正体
―――青い目じゃない。
俺は瞬時に、自分の“仮説”が正しかったことを悟った。ユイの目は紺色に近い青。それも透き通るようなものだ。だが、コイツの目は赤い。先ほどまではユイと同じ色だったはずだが、おそらく、身なりが同じなため、識別のために使い分けていたのだろう。
誰のために使い分けたか? それは、すぐに悟ることになった。
「(もしや、あの無線の男……)」
あからさまに怪しい無線をかけてきた男……可能性として一番高い人物であろう。
偽物とユイが入れ替わったのも、おそらくあの後だ。戦場で、ユイが単身になったのはあの時くらいだ。誰も見ていない戦場の中、しかも単独でいたとあれば、入れ替わるにはちょうどいい。妙な異変を感じ始めたのも、あの時からだった。
「(クソッ、やっぱり離れなきゃよかったじゃねえか)」
自分の当時の判断を後悔するが、今となっては後の祭りだった。
それより、今は目の前の事である。状況は、完全に膠着していた。
「おいおい……ユイさんの目ってあんなに赤かったか……?」
「赤くねぇよ。アレは識別のためにそうしてるにすぎねんだ。今更やっても隠せないと判断したんだな」
和弥の思っていたことは、俺がついさっき思っていたことと同様だった。今までの青色の目は俺たちに対する擬態目的に過ぎないのだ。俺らは、それにまんまと騙された。
だが、その言葉の真意には、「灯台下暗し」を中々に衝撃的な形で受けたことに愕然とする心境があっただろう。普段は陽気なコイツの顔が、一気に険しいものとなっていた。中々見る事の出来ない表情だ。
「ウソでしょユイちゃん……それ、向けてるの銃口だよ……?」
そして、それは新澤さんも同様だった。いや、ある意味一番愕然としているのは彼女であろう。少なくとも、俺とどっこいなくらいには衝撃を受けているはずだ。自分がついさっきまで本物だと思って可愛がっていたロボットは、ただのそっくりな偽物だったのだ。一番信頼できる親友が殺人犯だった、というぐらいには、驚愕したに違いない。それは、未だに震えている表情そのものに出ていた。

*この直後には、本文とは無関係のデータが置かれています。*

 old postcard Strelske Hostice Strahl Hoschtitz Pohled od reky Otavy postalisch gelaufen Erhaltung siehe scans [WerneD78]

「新澤さん、コイツはユイなんかじゃありませんよ。ただのそっくりな偽物だ」
「わ、わかってる。わかってるんだけど……」
銃を持つ手が震えていた。自分が、少なくともユイと同様の外見をする相手に銃を向けざるを得ないことが、どれほど自分にとって受け入れがたい現実なのか。その心境は推して知るべしである。
「……感の良い人間は嫌いだよ、ほんとに」
「ッ!」
沈黙を保っていた偽物が、正体がバレて初めて口を開いた。あまりに冷淡な口調だ。先ほどまでの、感情を持ったものとは思えないほど静かで、そして、暗いものだった。その一言だけで、若干の威圧感を感じた俺は、思わずつばを飲み込んだ。

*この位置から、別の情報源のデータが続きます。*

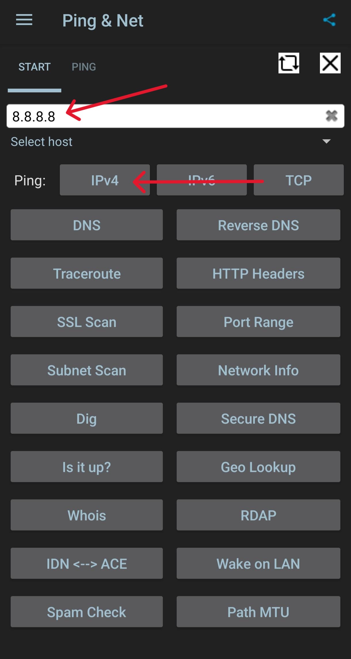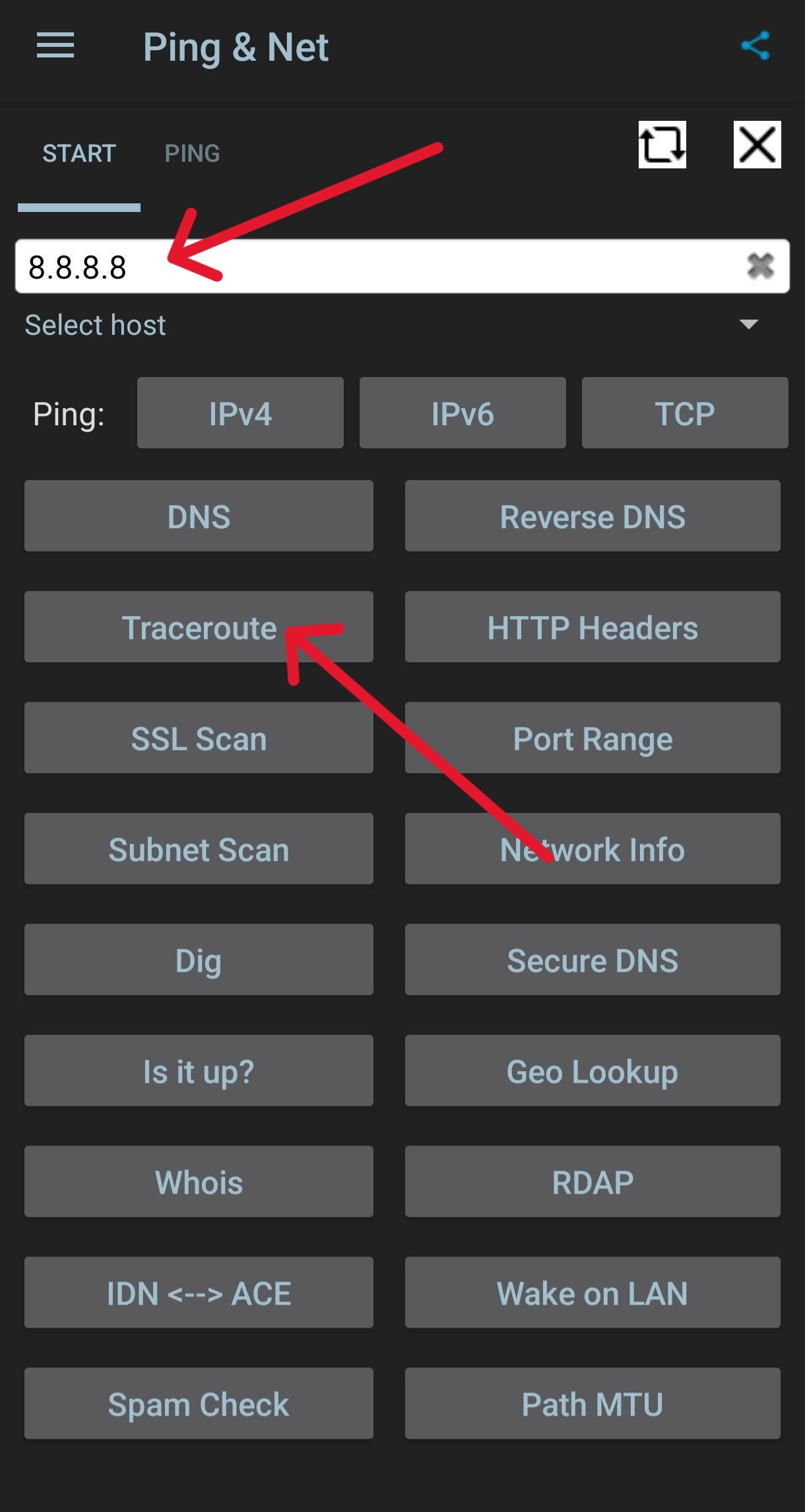 Выберите нужную команду, введите адрес 8.8.8.8, нажмите Start.

「外見と性格さえ似せれば、ある程度は騙しとおせると思ったが……さすがに、簡単ではないか」
「……記憶もか?」
「一応な?」
「ハッ、人間の疑い深さを舐めてもらっちゃ困るぜ。記憶は騙せても、真実は騙せない……忘れないことだ」
「心得ておこう」
ここにきて、妙に冷静な自分に若干驚いた。あまりに衝撃的な光景の前に、人は時折一周回って冷静になることがあると噂で耳にしたことはあるが、自分は、どうやらそれに当てはまる人間らしかった。
……だが、それでも、
「……んで」
これだけは、どうしても冷静になり切れなかった。
「……ユイをどこにやった?」
「……」
「答えろ! 俺の相棒をどこにやった!!」
俺の叫声を、誰も止めようとはしなかった。本音、二人も知りたかったのだ。本物を、どこにやったのだと。

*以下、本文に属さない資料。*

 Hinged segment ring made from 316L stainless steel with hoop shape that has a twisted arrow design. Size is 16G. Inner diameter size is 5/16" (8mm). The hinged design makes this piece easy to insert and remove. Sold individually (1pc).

だが、偽物はまともに答えようとはしなかった。それどころか、不敵に口元に笑みを浮かべたと思うと、
「……どこにやったと思う?」
あざ笑うかのようにそう問いかけたのだ。あからさまな挑発行為であろう。こっちの冷静さを崩そうという狙いが透けて見えるが、乗っかってはならない。思わず感情的になって叫び声をあげるのは、あれで最後だ。
「さあな。わからんから聞いてるんだけどな。クイズか何かか?」
「当てたら景品やるぞ」
「断る。俺としてはそっちから申し出ることを望むんだが……」
「そんな簡単に答えると思うか?」
「……まあ、だろうな」
そこら近所の犯罪者ですらそんなバカなことはしないだろう。「逃げるな」と言って逃げるのを本当に止めるようなものだ。この問いに関する効果など、鼻から期待してはいなかった。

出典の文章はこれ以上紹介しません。